Predicting the temporal variability in pesticide runoff from agricultural fields is essential for assessing the impacts of agricultural practices on surface water quality and the associated environmental risks. Richards-based models are valuable tools for this purpose, particularly in contexts characterized by high temporal variability in rainfall intensity, such as in the Mediterranean region. These methods can be applied to a wide range of operational applications at both the field and catchment scales. However, their operational capability is limited, primarily due to their high computation times. In this study, we assessed a metamodeling approach for a Richards-based model designed to simulate the hourly variability in water and pesticide runoff over a year while reducing computation times. The proposed approach is based on long short-term memory (LSTM) models and is applied to a field-scale pesticide runoff model coupling Richards and convection-dispersion equations with the uniform mixing cell concept for pesticide remobilization and an overland flow routine. The resulting metamodel accounts for meteorological conditions, compound properties, and pesticide application dates and rates.
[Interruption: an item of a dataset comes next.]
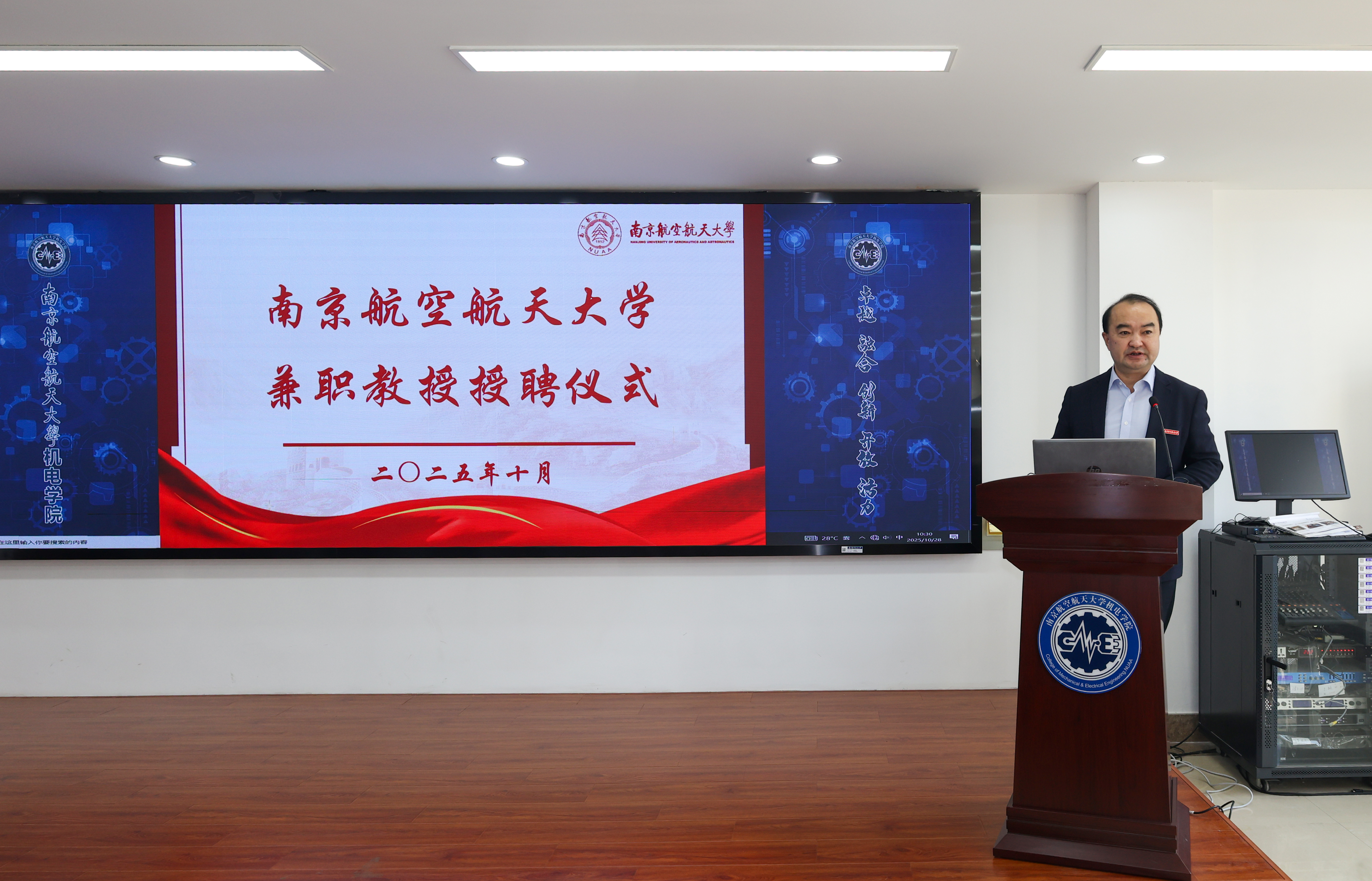 10月28日,机电学院极速赛车计划/ 玩法规则在明故宫校区举行邓玉东研究员兼职教授授聘仪式暨“民用飞机装配集成先进技术联合实验室”揭牌仪式。1987级校友、中航沈飞民用飞机有限责任公司(以下简称“沈飞民机”)党委书记、董事长邓玉东,副总工程师杨波,规划发展部部长戴天,制造技术副总工程师贾晓亮,供应链管理部副部长赵敏,机电学院极速赛车计划/ 玩法规则党委副书记陶勇、发展规划与学科建设处处长田威、科学技术研究院专务梁文萍、人才办公室副主任赵海燕以及机电机电学院极速赛车计划/ 玩法规则 极速赛车计划/ 玩法规则 党委书记刘虎、党委副书记赵铮等多名师生代表参加仪式。仪式由刘虎主持。

Although the LSTM architecture is not optimized, the metamodel reduces the computation time by 90% compared with that of the initial model. The metamodel shows high overall performance in simulating hourly discharges and pesticide concentrations, with Nash–Sutcliffe efficiency values of 0.99, confirming the ability of the LSTM models to handle hydrochemical time series. The results nonetheless indicate room for improvement in specific areas, such as simulating runoff occurrence or concentrations for compounds with low half-life values. Furthermore, the results encourage further consideration of adding static parameters as inputs to LSTM models to increase their generalizability. Overall, this study provides key insights for deploying methods to assess the impacts of agricultural practices on a large scale.
基于长短期记忆方法的农药径流物理模型元建模
预测农田农药径流的时间变化对于评估农业实践对地表水质量的影响和相关的环境风险至关重要。基于richards的模型是实现这一目的的宝贵工具,特别是在降雨强度具有高时间变异性的情况下,例如在地中海地区。这些方法可以应用于油田和集水区尺度的广泛业务应用。然而,它们的操作能力是有限的,主要是由于它们的高计算时间。在这项研究中,我们评估了一种基于richards的模型的元建模方法,该模型旨在模拟一年内水和农药径流的小时变化,同时减少计算时间。该方法基于长短期记忆(LSTM)模型,并将其应用于田间尺度的农药径流模型,该模型耦合Richards和对流-分散方程,并具有用于农药再动员的均匀混合单元概念和陆地流动程序。由此产生的元模型考虑了气象条件、化合物性质和农药施用日期和比率。虽然没有对LSTM体系结构进行优化,但与初始模型相比,该元模型的计算时间减少了90%。该元模型在模拟逐小时排放和农药浓度方面表现出较高的综合性能,Nash-Sutcliffe效率值为0.99,证实了LSTM模型处理水化学时间序列的能力。尽管如此,结果表明在某些特定领域还有改进的空间,例如模拟径流发生或低半衰期值化合物的浓度。此外,结果鼓励进一步考虑将静态参数作为LSTM模型的输入,以提高其泛化性。总的来说,这项研究为大规模部署评估农业实践影响的方法提供了关键见解。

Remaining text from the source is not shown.